◆ **Directions**:
Exactly the lines from the start of the entries through the line with "Әти-әниләр белән бергәләп" are required in the output, with no pictures among them.

◆ **Excerpted records**:

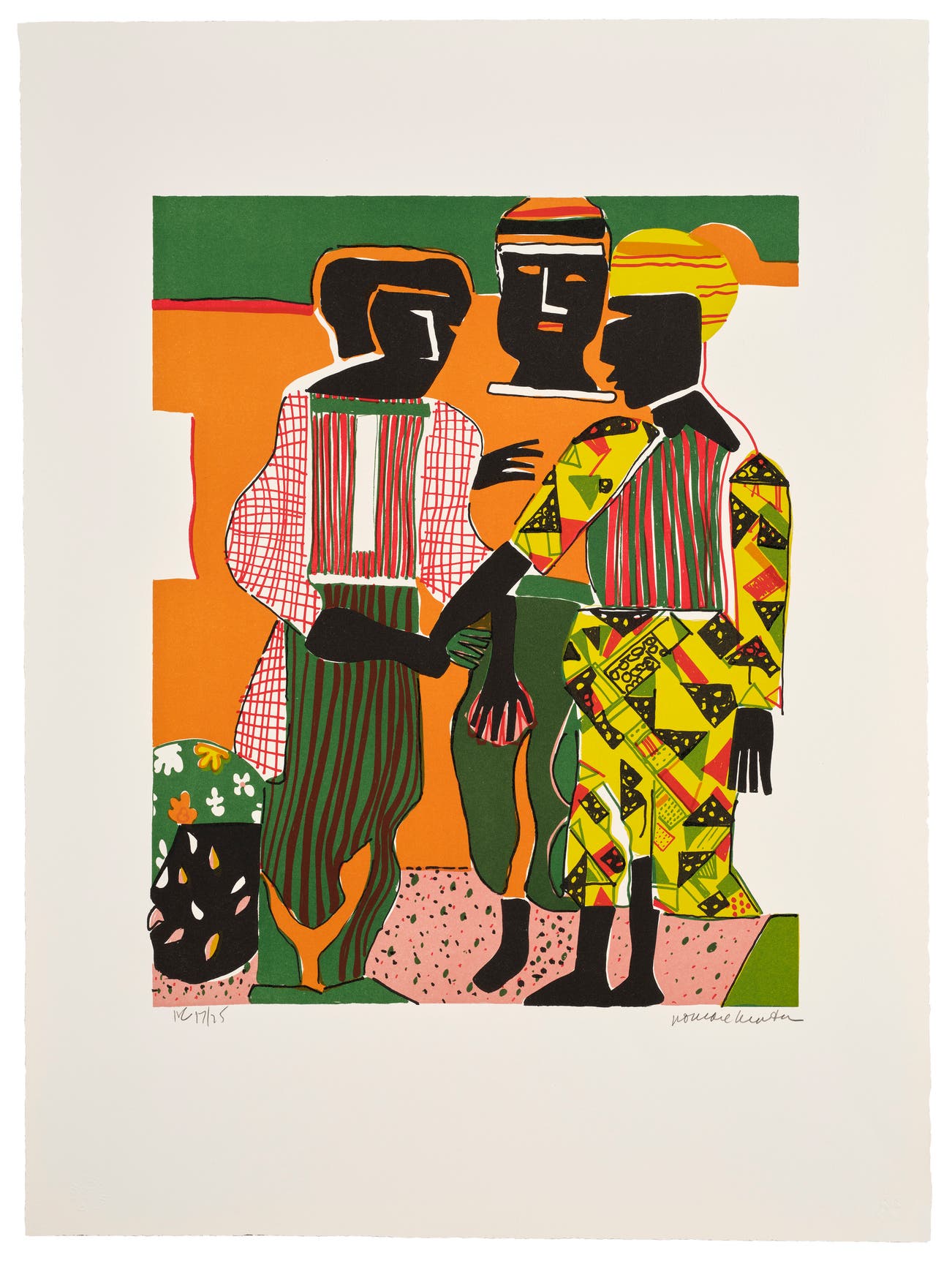 American | B. 1911 D. 1988A master of collage, Romare Bearden has become synonymous with his layered scenes of black life – past, present, and imagined. Born in North Carolina in 1911, Bearden was raised in New York in the heart of the Harlem Renaissance. In the 1930s, he studied at the Arts Student League with George Grosz and was involved with 306, a Harlem art school and workshop where his cousin by marriage, fellow artist Charles Alston, was a leading instructor. Though Bearden won major recognitions in his lifetime, Time art critic Robert Hugues proclaimed in 1991 that “Bearden got left out of the history books” – an oversight that has since been rectified with major retrospectives worldwide. In 2003 the National Gallery of Art held a retrospective of Bearden’s work, the first for an African-American artist in the museum’s history, with the exhibition firmly cementing his legacy as one of the great innovators of the 20th century.
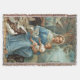 La Vierge Bleue Française jette une couverture avec une image d'une belle carte sainte française antique imprimée à la fin du XIXe siècle. Jésus et la Bienheureuse Mère sont entourés de colombes blanches et d'un paysage boisé brumeux.
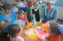 Әти-әниләр белән бергәләп балалар чыршылар ясадылар. "Кышкы урманга" беренчеләрдән булып Волков Богдан, Кисапов Николай,Тараканов Никита "чыршылар" утырттылар.
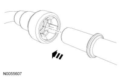 NOTICE: When reusing liquid or vapor tube connectors, make sure to use compressed air to remove any foreign material from the connector retaining clip area before separating from the tube or damage to the tube or connector retaining clip can occur. Apply clean engine oil to the end of the tube before inserting the tube into the connector.
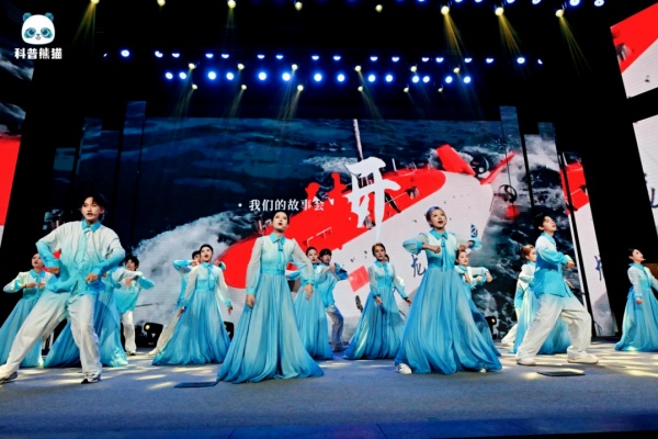 成都博物馆学术报告厅内座无虚席,随着情景歌舞剧《在未来等你》开场节目,观众被“拽”进一条时空隧道——“中国天眼”、神舟翱翔、C919穿云、AI大模型惊艳……硬核科技成果被少年们一字一句唱成押韵诗行。经典老歌与新派说唱无缝衔接,唱的是汗水,赞的是智慧;唱的是过去,盼的是未来。歌声落地,掌声如潮——2025年成都市全国科普月主场号角正式吹响。
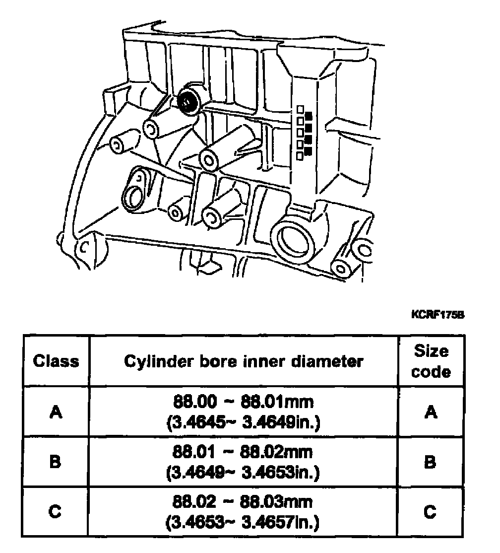 6. Check the cylinder bore size code on the cylinder block.
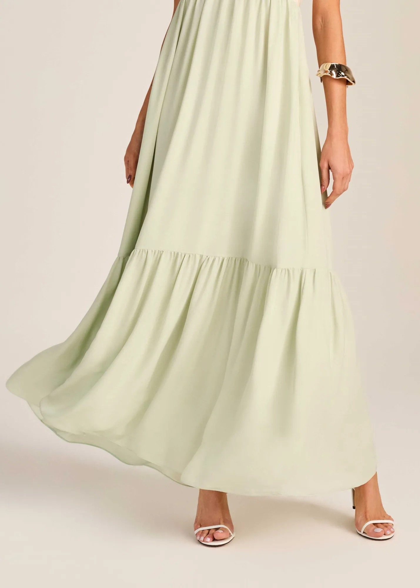 Vestido Longo Sem Alças com design elegante que valoriza o colo e alonga a silhueta. O busto plissado adiciona textura e charme ao visual.
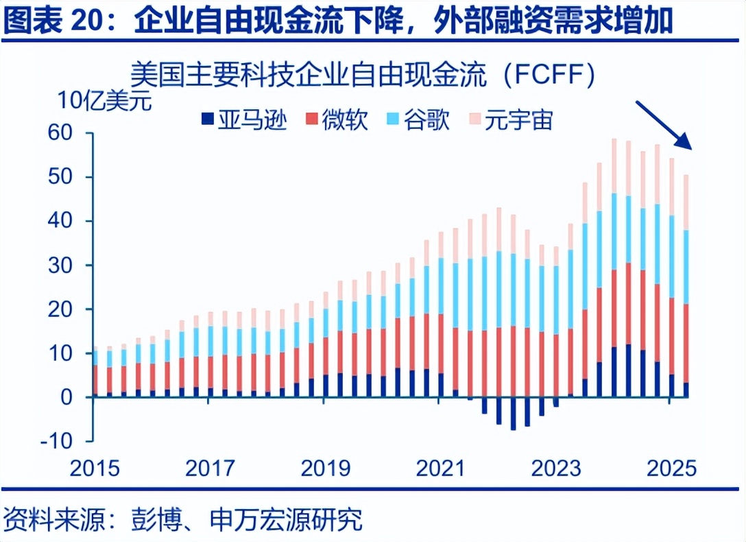 然而,市场的担忧也并非空穴来风,私募信贷市场已“裂痕初现”。一方面,2020年后新增PIK(实物付息条款)贷款中,非应激性PIK(非原始条款包含的PIK)占比显著上升;这类贷款比例的上升,说明借款人现金流不足,只能被迫通过修改协议以短期缓解流动性压力,反映了底层现金流的边际恶化。另一方面,当前私募信贷的投向过度集中于科技行业,一旦美国科技企业盈利超预期幅度下降、资本开支增加科技企业自由现金流的消耗,过高的科技行业敞口或带来更高的风险。
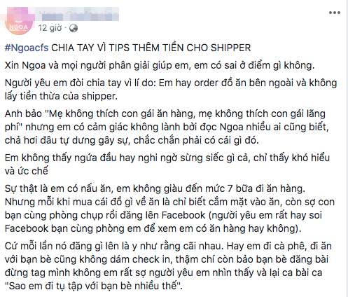 Đó là câu chuyện của một cô gái giấu tên đăng vào confession của một fanpage lớn trên MXH những ngày gần đây. Không chỉ bị người yêu phàn nàn vì tips thêm cho shipper., mà cô gái này còn ”mang tiếng” là ăn hàng, mặc dù phần ăn chỉ có 80k.
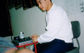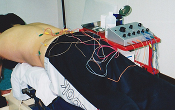 鍼を刺し針先に電極をつなげ微弱電気を流す鍼パルス通電療法も行ないます。

◆ **Response box**:
 American | B. 1911 D. 1988A master of collage, Romare Bearden has become synonymous with his layered scenes of black life – past, present, and imagined. Born in North Carolina in 1911, Bearden was raised in New York in the heart of the Harlem Renaissance. In the 1930s, he studied at the Arts Student League with George Grosz and was involved with 306, a Harlem art school and workshop where his cousin by marriage, fellow artist Charles Alston, was a leading instructor. Though Bearden won major recognitions in his lifetime, Time art critic Robert Hugues proclaimed in 1991 that “Bearden got left out of the history books” – an oversight that has since been rectified with major retrospectives worldwide. In 2003 the National Gallery of Art held a retrospective of Bearden’s work, the first for an African-American artist in the museum’s history, with the exhibition firmly cementing his legacy as one of the great innovators of the 20th century.
 La Vierge Bleue Française jette une couverture avec une image d'une belle carte sainte française antique imprimée à la fin du XIXe siècle. Jésus et la Bienheureuse Mère sont entourés de colombes blanches et d'un paysage boisé brumeux.
 Әти-әниләр белән бергәләп балалар чыршылар ясадылар. "Кышкы урманга" беренчеләрдән булып Волков Богдан, Кисапов Николай,Тараканов Никита "чыршылар" утырттылар.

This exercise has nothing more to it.